=== DESCRIPTION OF THE TASK ===
Only the lines from the one with "Tras su conferencia, el" to the end of the data, both ends included, should be output, exactly as they stand and without pictures.

=== RECORDS SHOWN ===
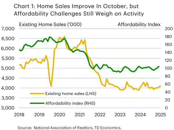 Official economic data began to trickle in, with September’s payroll report being the most notable. However, reporting backlogs are expected to persist. October payrolls will be released with November’s figures on December 16, not in time for the FOMC’s next meeting on December 9–10. Other data points, like October CPI, will not be released. On the housing side, existing home sales edged higher in October, supported by falling mortgage rates. Still, the housing market continues to tread water as affordability remains stretched, despite some modest improvement in recent months (Chart 1).
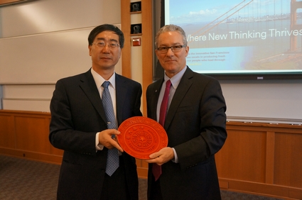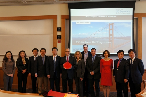 副校长姜胜耀、人事处处长王希勤,学院理事、中国保监会副主席周延礼,学院常务副院长廖理、党委书记兼副院长聂风华等一行访问伯克利加州大学哈斯商学院。哈斯商学院院长瑞奇•莱昂斯(Rich Lyons),学院培训项目、EMBA项目、MBA项目的负责人会见了代表团一行。
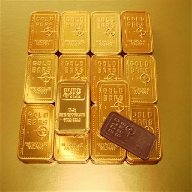 Zlaté cihličky-čokoláda, 108 ks mléčné čokolády<br> Čokoláda v designu zlatých slitků.
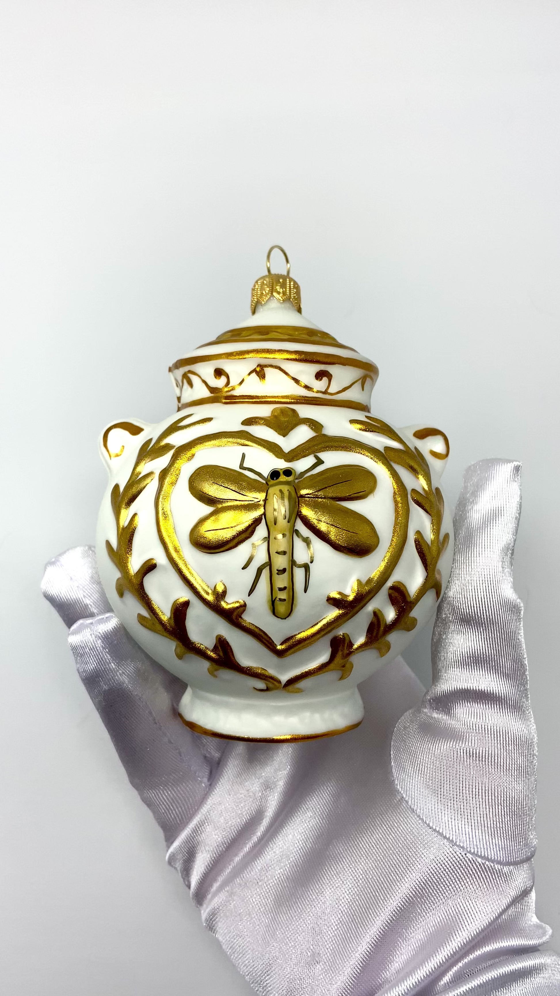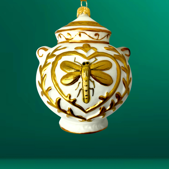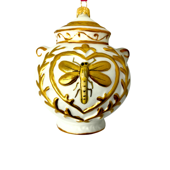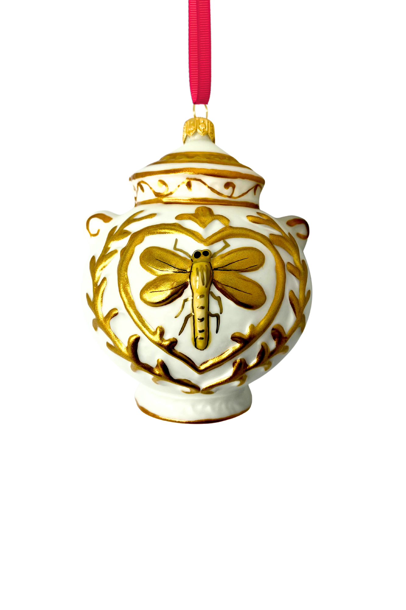 A golden dragonfly rests at the heart of this porcelain inspired jar, framed by scrolling gold details. Light in spirit yet intentional in design, the dragonfly introduces movement and meaning to a stately form. It is grace rendered in gold.
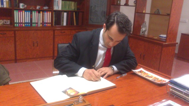 Tras su conferencia, el Dr. Gallego accedió a firmar el Libro de Honor del Mayor, exhibiendo en su dedicatoria, al igual que en su ponencia, un estilo relacional muy afable y humilde.
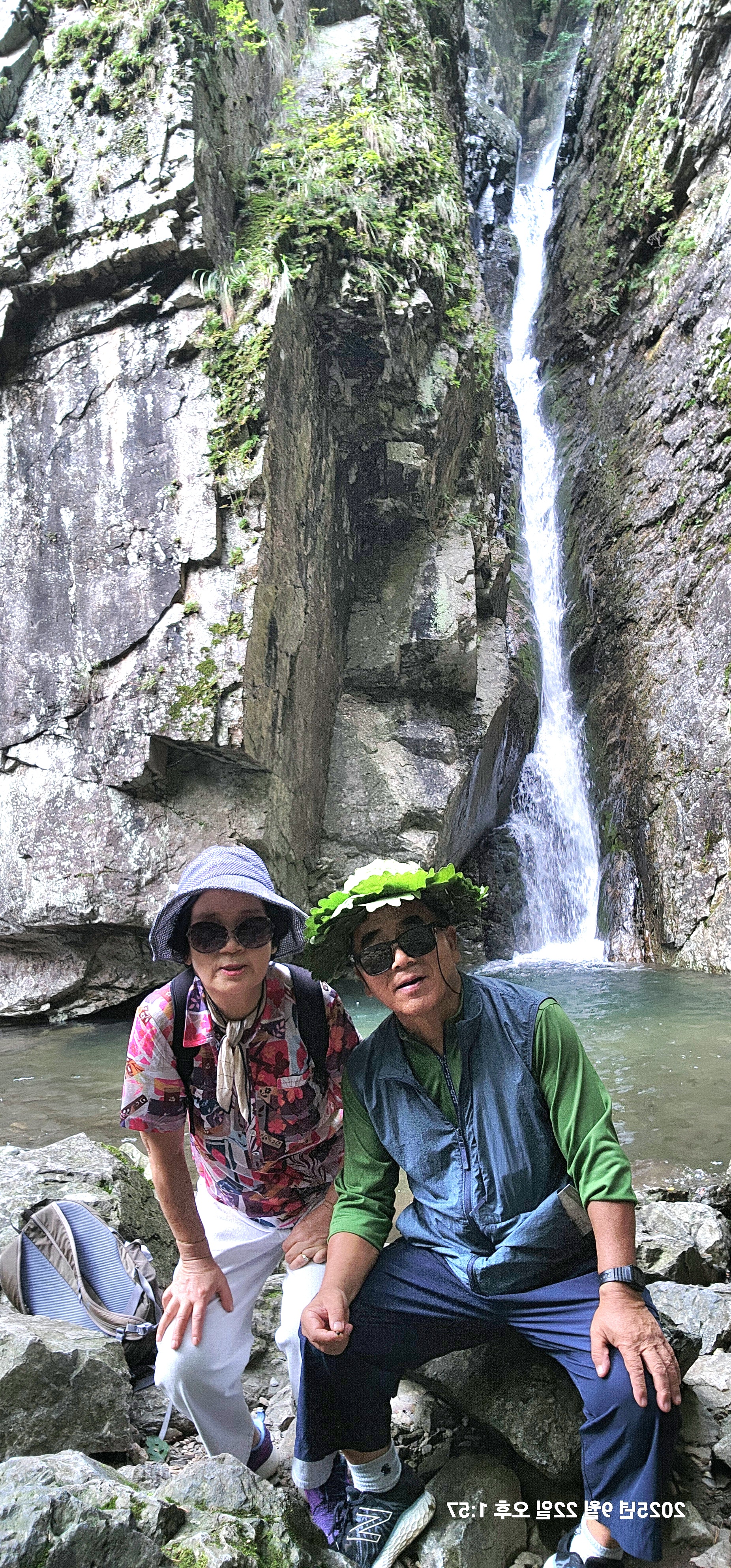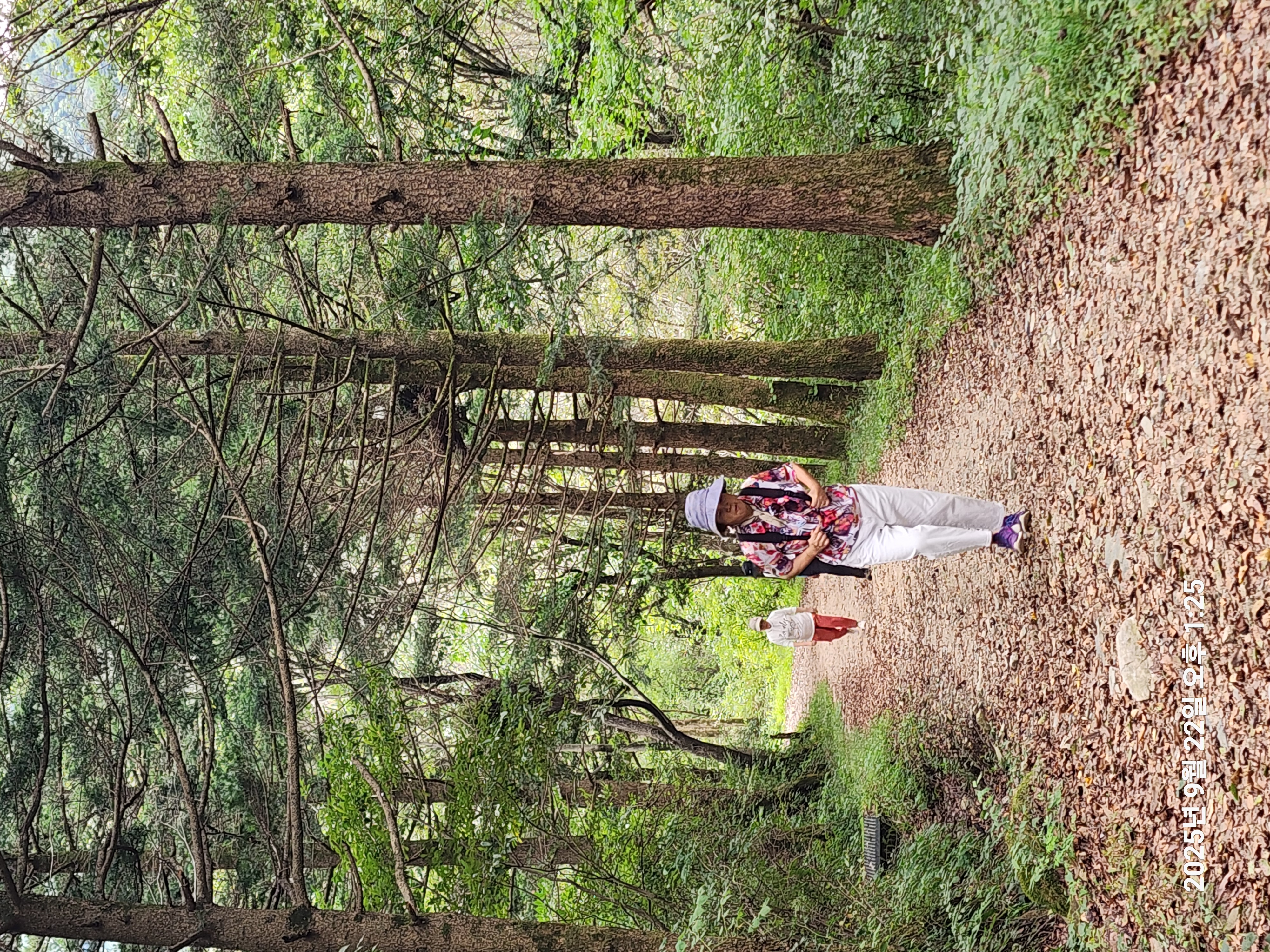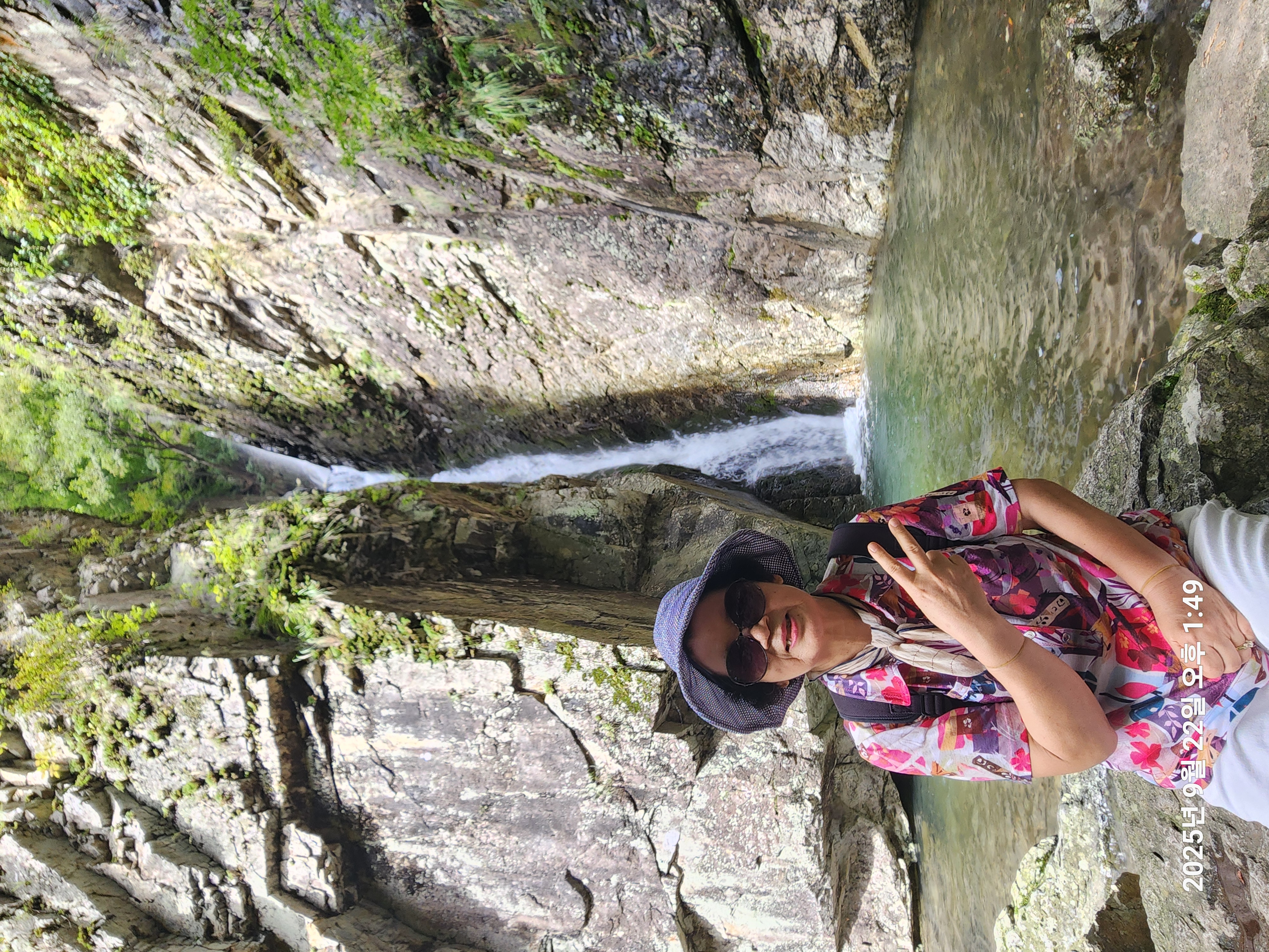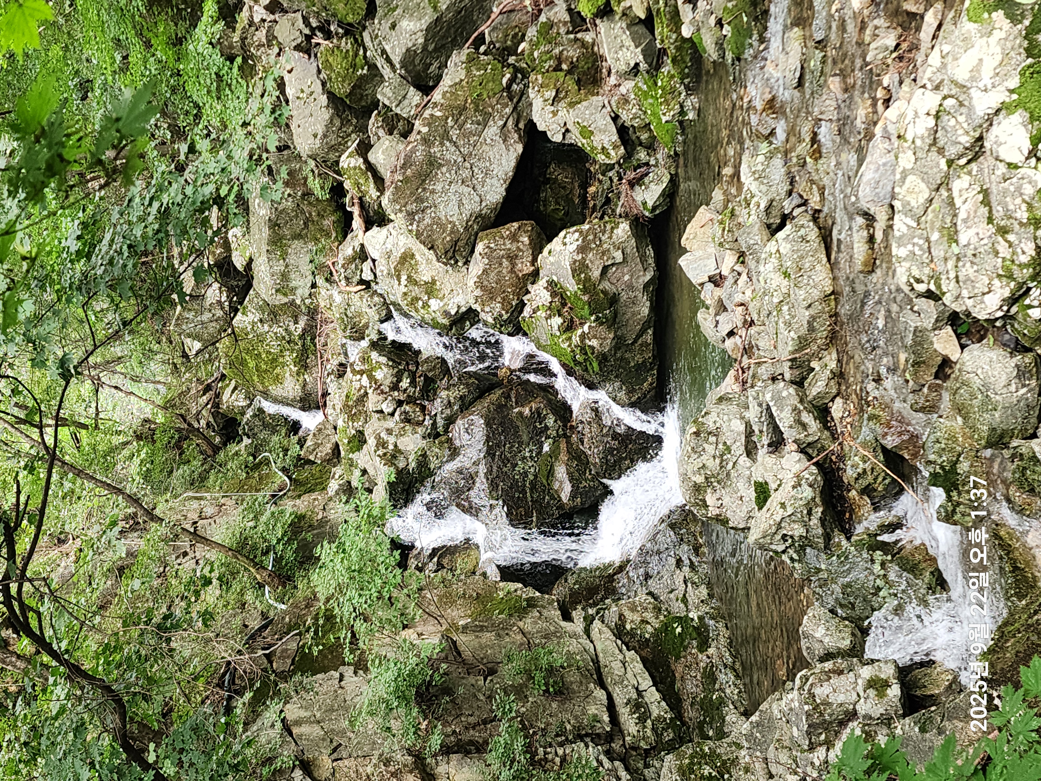 여궁폭포, 800m 거리에 있다고 만만히 보고 갔는데 처음엔 길이 평지였으나 500m 쯤가니 경사도 있고 정돈되지 않은 돌길이라 힘들었고 아내는 스틱도 안가져 가서 내려올땐 스틱대용으로 나무막대기를 주워,그걸 의지하고 왔는데, 거의다 내려와 한손에 커피(?)음료를 들고 여궁폭포까지 가려한다는 여성2명을 만났는데,한여성은 신으나 마나한 샌들을 신었기에 그 신발로는 갈수

=== RESULT OF THE EXERCISE ===
 Tras su conferencia, el Dr. Gallego accedió a firmar el Libro de Honor del Mayor, exhibiendo en su dedicatoria, al igual que en su ponencia, un estilo relacional muy afable y humilde.
 여궁폭포, 800m 거리에 있다고 만만히 보고 갔는데 처음엔 길이 평지였으나 500m 쯤가니 경사도 있고 정돈되지 않은 돌길이라 힘들었고 아내는 스틱도 안가져 가서 내려올땐 스틱대용으로 나무막대기를 주워,그걸 의지하고 왔는데, 거의다 내려와 한손에 커피(?)음료를 들고 여궁폭포까지 가려한다는 여성2명을 만났는데,한여성은 신으나 마나한 샌들을 신었기에 그 신발로는 갈수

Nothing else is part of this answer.